RL-Adventure-2: Policy Gradients

PyTorch tutorial of: actor critic / proximal policy optimization / acer / ddpg / twin dueling ddpg / soft actor critic / generative adversarial imitation learning / hindsight experience replay

The deep reinforcement learning community has made several improvements to the policy gradient algorithms.

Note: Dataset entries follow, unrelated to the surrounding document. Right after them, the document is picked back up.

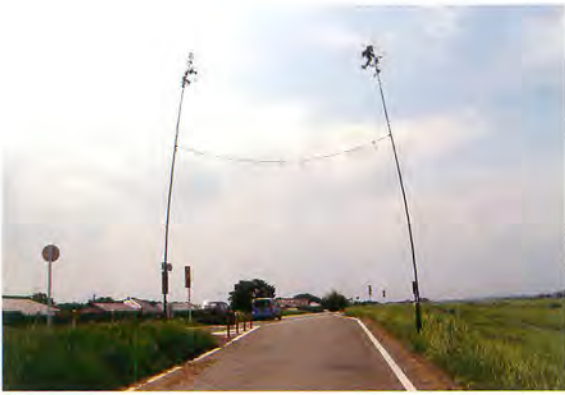
堤防上のハッチョウジメ

フセギ・道切りなどと呼ばれ、地域に疫病や災厄など悪いものが侵入するのを防ぐ行事です。宮元では毎年七月一日、字の境などにハッチョウジメの飾りを設置します。二本の真竹を立て、間に注連縄を張るもので、竹の根本には日向の長井神社の宮司さん（神明社管理者）からいただいたきた塞神のお札を貼ります。俵瀬でも同じようにハッチョウジメを飾りますが、他の地域は短い竹にお札を挟んで立てるのみです。また、かつて七月一日からの七日間はナナバンゲといって、夕方、各家のカイド（敷地から公道へと続く私道）で麦藁の藁束を燃やしました。地域によっては、藁束が燃えてできた灰で地面に境界線を引くことも行われ、疫病の侵入を防ぐ行事であると考えられます。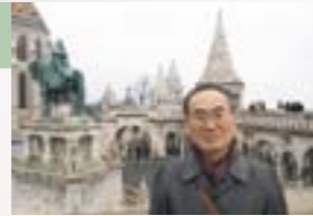
2009年12月でデブレツェン出張時、ブタペストにて。

長年お世話になった教職員の皆様や出会った学生諸君に感謝し、新潟大学の更なる発展を願いつつ退職の挨拶とさせていただきます。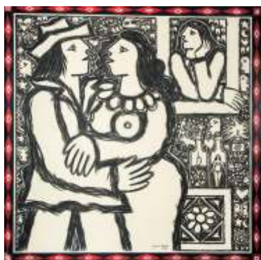
CF 511 Juraci DOREA Sans titre, 1998 Acrylique et craie sur toile 100 x 100 cm Propriétaire : Collection Cérés Franco

This tutorial presents latest extensions in the following order:

Advantage Actor Critic (A2C)

High-Dimensional Continuous Control Using Generalized Advantage Estimation

Proximal Policy Optimization Algorithms

Sample Efficient Actor-Critic with Experience Replay

Continuous control with deep reinforcement learning

Addressing Function Approximation Error in Actor-Critic Methods

Soft Actor-Critic: Off-Policy Maximum Entropy Deep Reinforcement Learning with a Stochastic Actor

Generative Adversarial Imitation Learning

Hindsight Experience Replay

If you get stuck…

Remember you are not stuck unless you have spent more than a week on a single algorithm. It is perfectly normal if you do not have all the required knowledge of mathematics and CS.
Carefully go through the paper. Try to see what is the problem the authors are solving. Understand a high-level idea of the approach, then read the code (skipping the proofs), and after go over the mathematical details and proofs.